The Group monitors capital based on the adjusted gearing ratio. This is calculated as net debt divided by adjusted capital. Net debt is calculated as total debt, per the statement of financial position, less cash and cash equivalents. Adjusted capital comprises total assets less cash and cash equivalents. The Group is not subject to any externally imposed capital requirements; however, the Directors intend to secure and utilise long-term borrowings of approximately 50% on average over time and not exceeding 65% of the Company's total assets.
The adjusted gearing ratios at 30 September 2018 and 30 September 2017 were as follows:
|
2018 |
2017 |
Total debt |
448,875 |
372,796 |
Less: cash and cash equivalents |
(18,888) |
(32,145) |
Net debt |
429,987 |
340,651 |
|
|
|
Total assets |
835,760 |
720,711 |
Less: cash and cash equivalents |
(18,888) |
(32,145) |
Adjusted capital |
816,872 |
688,565 |
|
|
|
Adjusted gearing ratio |
52.6% |
49.5% |
On 5 October 2018, one undeveloped site held by the Group with the benefit of a put option to the developer was sold to a third party because the development project was no longer proceeding. Total proceeds from the sale together with compensation from the developer amounted to £590,663 which covered all costs plus an annualised return of 5% for the holding period.

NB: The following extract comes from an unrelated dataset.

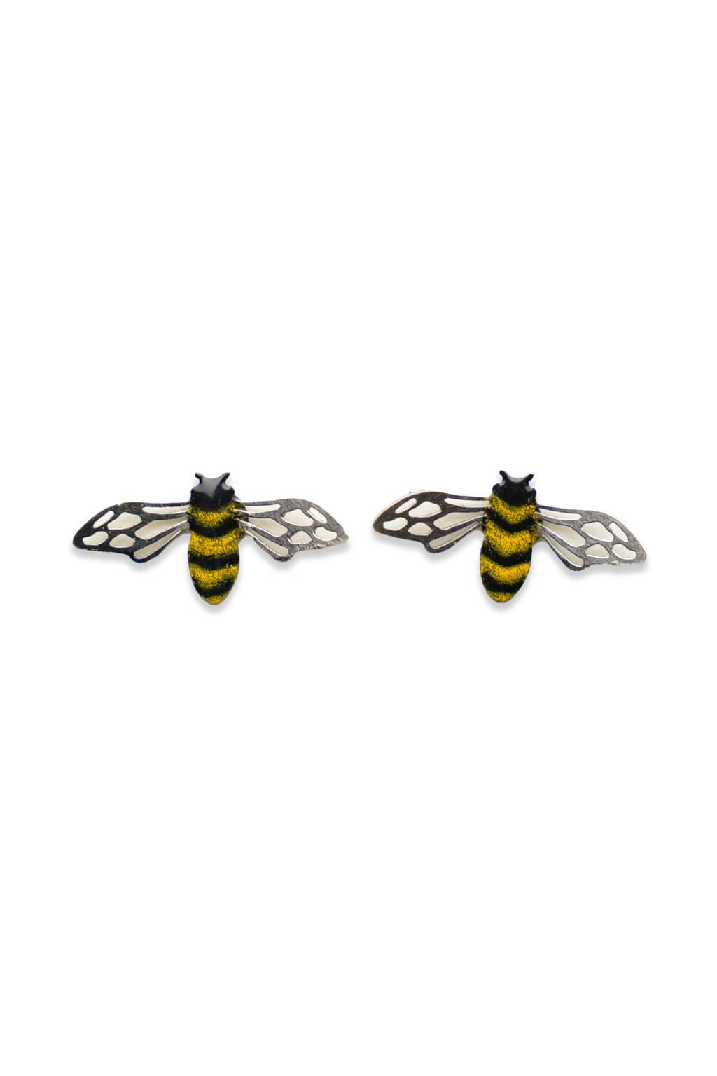 Krásné ručně malované puzety s motivem včel jsou zasazeny do smaltované nerezové oceli. Jejich jemný design je lehký a pohodlný, ideální pro každodenní nošení. Puzeta je pevně připevněná k základně pro trvalé spojení a součástí jsou zapínací špuntíky.

On 11 October 2018, the Group sold its leasehold property located in Harpenden. The sale price was £595,000, exceeding the net book value of £553,000 as at 30 September 2018. Following the sale, MedicX owned 165 investment properties.
On 10 December it was agreed with the Company's Investment Adviser that the investment adviser fee would be reduced with effect from 1 October 2018. The new arrangements will result in a £500,000 per annum saving until the Company's portfolio reaches a value of £1 billion, with tapering savings thereafter.